Cheap, ubiquitous, and moldable

Unusual Crafts: Crafting with silverware

Have you ever looked at your old silverware and thought, "I wish I could find something better to do with this stuff than use it to eat food"? Well, some people have. Some people have thought about that a LOT. In fact, there are more silverware crafts projects than you can shake a stick at.

Silverware is a popular crafting item first and foremost because it is ubiquitous. This means two things: first, that everyone recognizes the objects instantly, and second, that you can get tons of them easily on the cheap. Most thrift stores have huge bins filled with unmatched silverware that you can purchase for pennies apiece.
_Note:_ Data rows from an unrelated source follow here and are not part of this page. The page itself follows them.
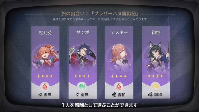 ピノコニーの「夢境ショップ」で特殊な夢の泡に触れることで、異なる夢の世界を体験できます。クロックボーイと同じ人気アニメキャラクターのブラザーハヌにフォーカスするイベント「ブラザーハヌの脱獄記」の舞台では、監獄長がスラーダを禁制品として扱っている様子。プレイヤーは開拓者として囚人仲間の脱獄を手助けするストーリーが描かれます。イベント報酬として、「桂乃芬」「サンポ」「アスター」「御空」の中から1人を報酬として受け取れます。
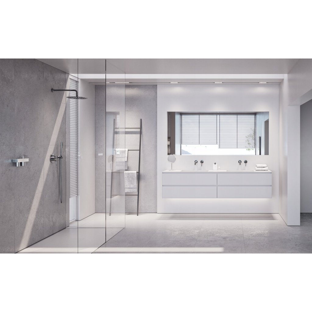 Podomietkový systém Flusso je kompletná sada na vytvorenie sprchovacieho kúta. Dokonale zladené štylistické prvky vytvárajú modernú a elegantnú sadu sprejov. Modernistická striekacia rukoväť a jednoduchá dažďová sprchová tabuľa dokonale zapadnú do jednoduchých aranžmánov z kameňa alebo betónu.
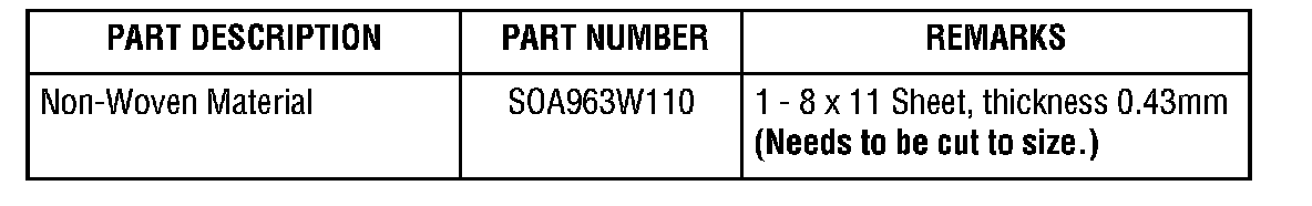Use part # S0A635079 for the non-woven material. The part # is non-orderable and used for claim purposes only.
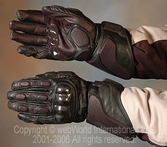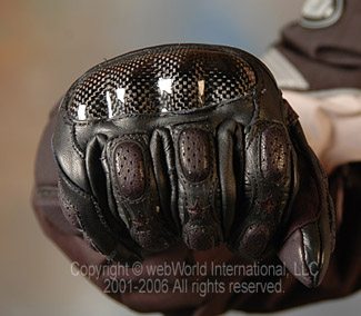 The knuckles are protected with a carbon fiber molding that is mounted on a “floating” section of leather that appears to continue down over each finger, offering a double layer of protection.
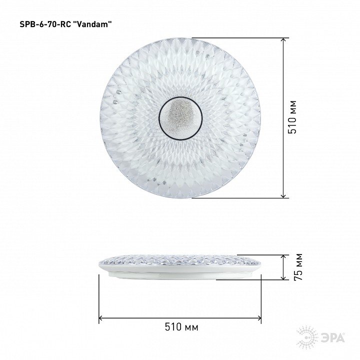Главная Люстры и потолочные светильники Потолочный светодиодный светильник ЭРА SPB-6-70-RC Vandam Б0051100
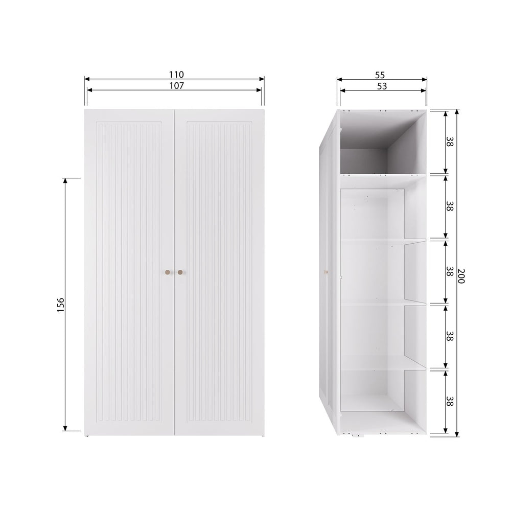 Op zoek naar een royale kledingkast? Dan is Sipke de juiste keuze! Tweedeurskast Sipke komt uit de collectie van het Nederlandse interieurmerk WOOOD en is gemaakt van FSC-mix gecertificeerd grenenhout in een helder wit. De Sipke kast bevat standaard een legplank en een royaal hanggedeelte. De serie beschikt over een optioneel interieurpakket van drie legplanken voor meer vlakke opberggelegenheid.
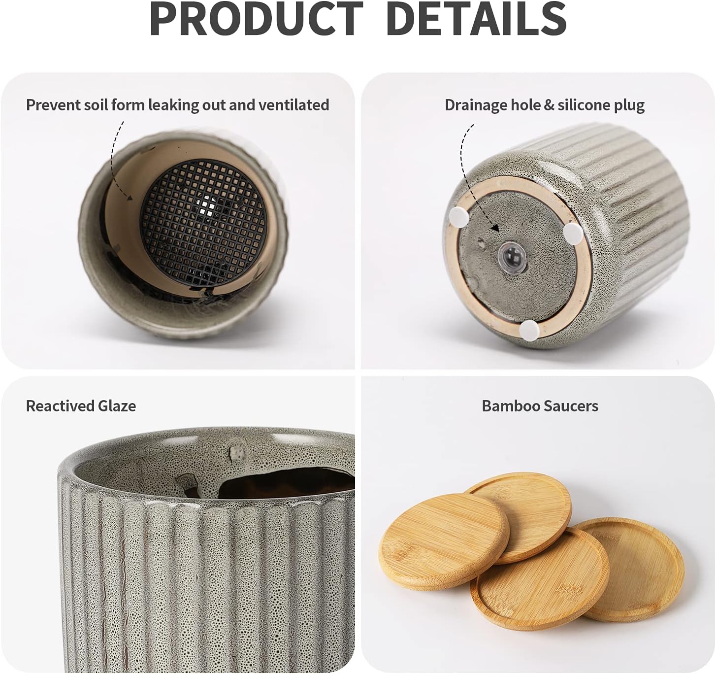 TAMAYKIM 4 Inch Cylinder Ceramic Plant Pots with Drainage Holes & Saucers, Glazed Green Grey Small Boho Planters with Trays for Indoor Flower, Snake Plants, Succulent, Cactus, Set of 4

The second thing that drives silverware crafting is that silverware, being made of metal, is relatively easy to work with. It doesn't take much heating in order to bend a spoon or a fork into a bracelet, for example. You can pretty much bend a lot of modern silverware by hand without even needing to heat it beyond warming it with your hands. Similarly, it is also pretty easy to hammer flat the dish of a spoon so that you can use it as a garden marker.

The basic tools needed for silverware crafting are also cheap and easy to obtain. You can buy a basic metal stamping kit for about $15-$20. Then you just need a hammer and a hard surface, and presto: you can stamp words or phrases into the bowl of a spoon. (They make cute garden markers.)

The wind chime is of course the traditional, maybe even canonical silverware craft. But I caution crafters to exercise judgment when making a wind chime out of silverware. Silverware wind chimes, I feel, have to be unusually beautiful. In order to compensate for the fact that most of them sound absolutely terrible.